■ What you will do
Exact copy required. Repeat the records, but keep the pictures out.

[Saved data entries]
☆ ☆ ☆ ☆ ☆ ☆ ☆

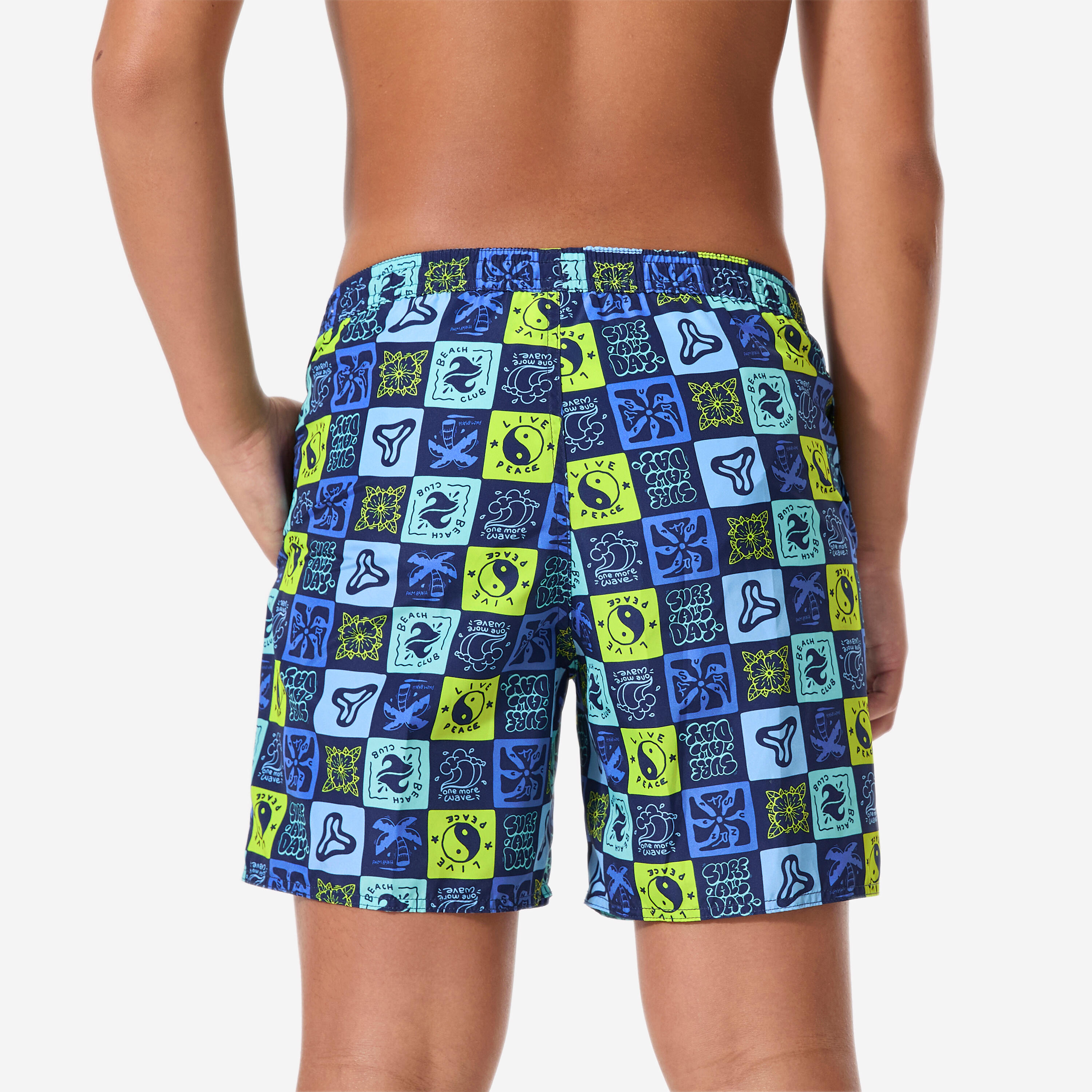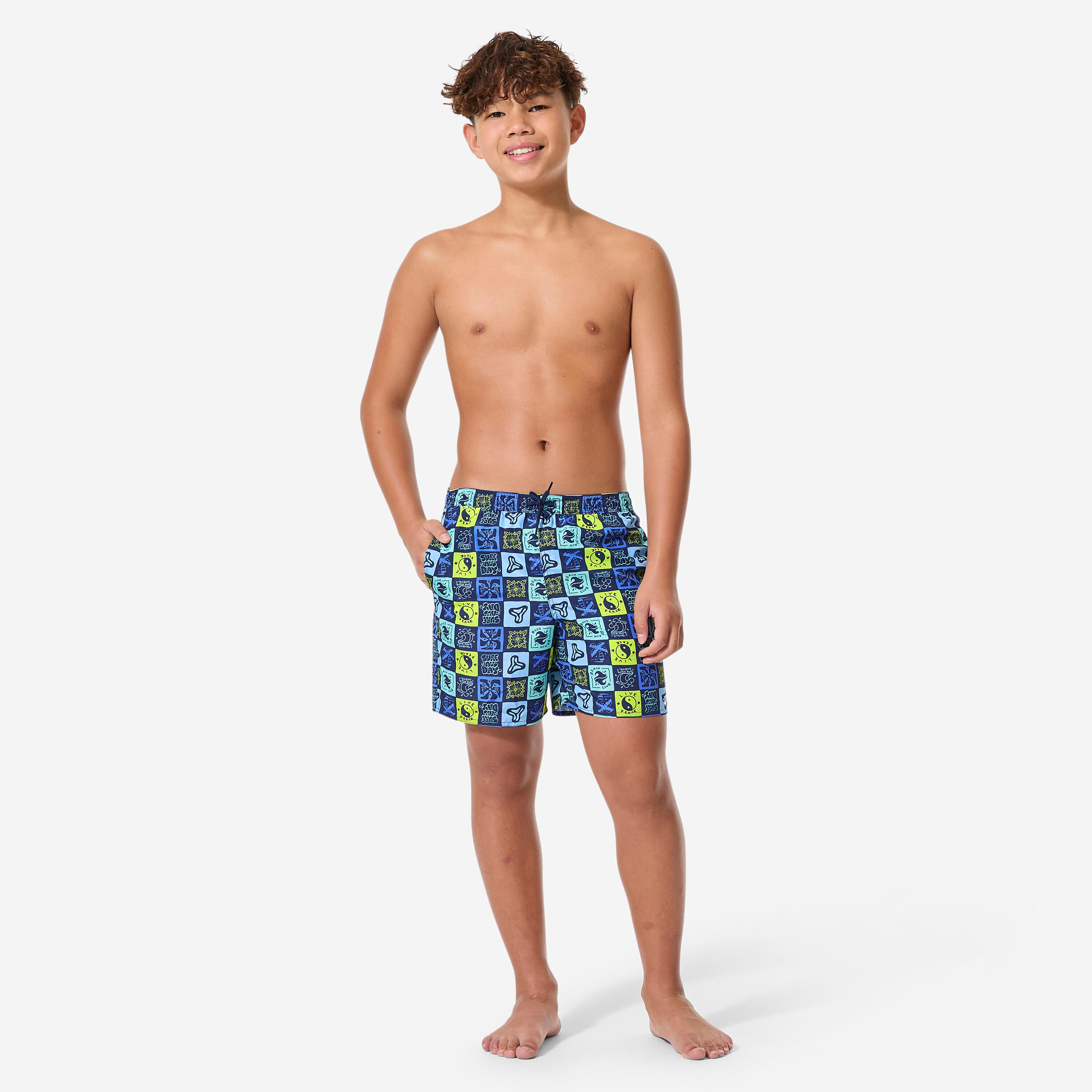 These swim shorts are perfect for surfers aged 8 to 15 for catching their first waves. The drawstring and elasticated waistband keep them securely in place.
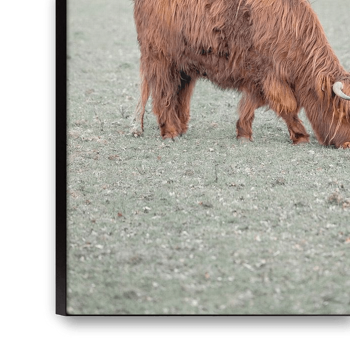 Deze foto, die een enkele Schotse Hooglander toont die vredig graast, belichaamt de rust van het leven op het platteland. De warme tinten van de vacht van het dier contrasteren subtiel met de koelere, gedempte kleuren van de winterse omgeving. Het moment wordt versterkt door de natuurlijke gratie van de Hooglander, wiens houding zowel eenzaamheid als tevredenheid uitstraalt. Dit beeld, ideaal voor zij die de serene kant van het plattelandsleven willen vieren, is een oase van rust in elke ruimte.
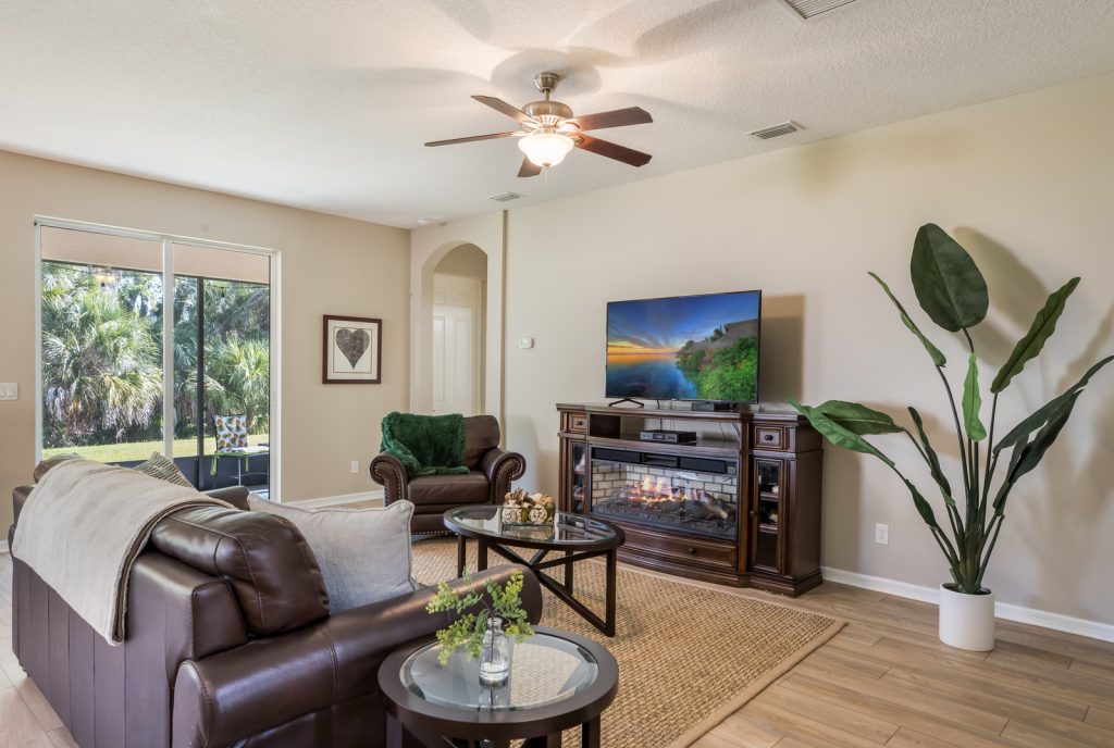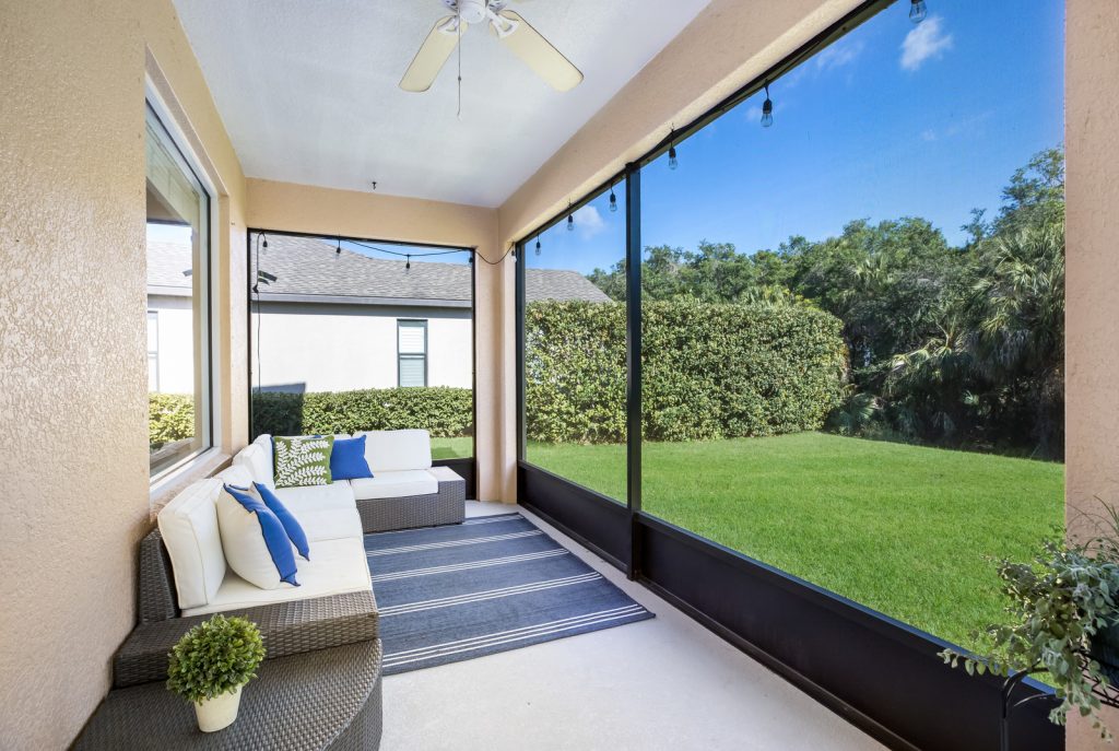 This five-bedroom residence balances open spaces for entertaining with private areas and vibrant green surroundings featuring a preserve in the distance. The great room is perfect for coming together with recently installed wood-like floors, sliding glass doors to the lanai, and an open kitchen.
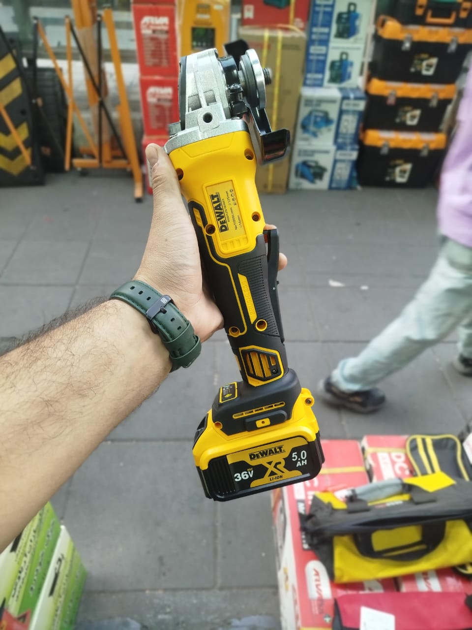 مینی فرز شارژی طرح دیوالت دارای 2 عدد باطری گارد محافظ دسته نگهدارنده پایه شارژر جعبه bmcمقاوم قابل حمل موتور براشلس دارای تنظیم سه سرعته شاسی ضامن دار جهت حفاظت و ایمنی
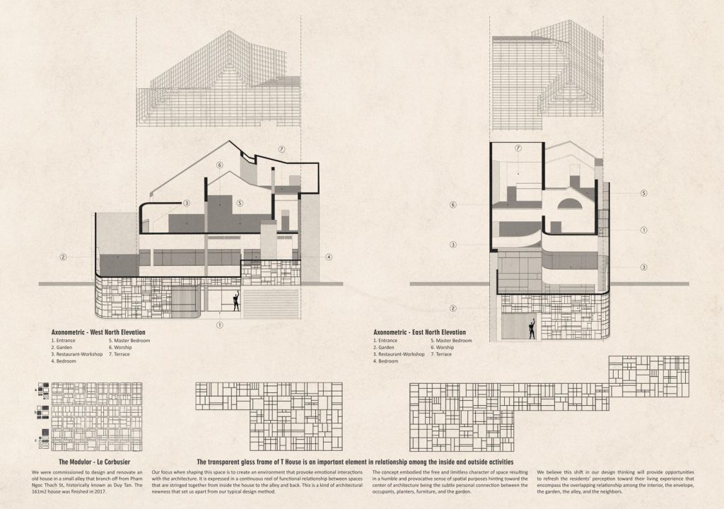Khi thiết kế T House, KIENTRUC O tập trung tạo ra một môi trường để tương tác hơn là tạo hình kiến trúc đơn thuần như cách vẫn thường làm. Thể hiện trong các mối quan hệ tiếp diễn giữa các vùng sử dụng, bên trong ngôi nhà và bên ngoài con hẻm.

☆ ☆ ☆ ☆ ☆ ☆ ☆

■ Answer for this exercise
 These swim shorts are perfect for surfers aged 8 to 15 for catching their first waves. The drawstring and elasticated waistband keep them securely in place.
 Deze foto, die een enkele Schotse Hooglander toont die vredig graast, belichaamt de rust van het leven op het platteland. De warme tinten van de vacht van het dier contrasteren subtiel met de koelere, gedempte kleuren van de winterse omgeving. Het moment wordt versterkt door de natuurlijke gratie van de Hooglander, wiens houding zowel eenzaamheid als tevredenheid uitstraalt. Dit beeld, ideaal voor zij die de serene kant van het plattelandsleven willen vieren, is een oase van rust in elke ruimte.
 This five-bedroom residence balances open spaces for entertaining with private areas and vibrant green surroundings featuring a preserve in the distance. The great room is perfect for coming together with recently installed wood-like floors, sliding glass doors to the lanai, and an open kitchen.
 مینی فرز شارژی طرح دیوالت دارای 2 عدد باطری گارد محافظ دسته نگهدارنده پایه شارژر جعبه bmcمقاوم قابل حمل موتور براشلس دارای تنظیم سه سرعته شاسی ضامن دار جهت حفاظت و ایمنی
Khi thiết kế T House, KIENTRUC O tập trung tạo ra một môi trường để tương tác hơn là tạo hình kiến trúc đơn thuần như cách vẫn thường làm. Thể hiện trong các mối quan hệ tiếp diễn giữa các vùng sử dụng, bên trong ngôi nhà và bên ngoài con hẻm.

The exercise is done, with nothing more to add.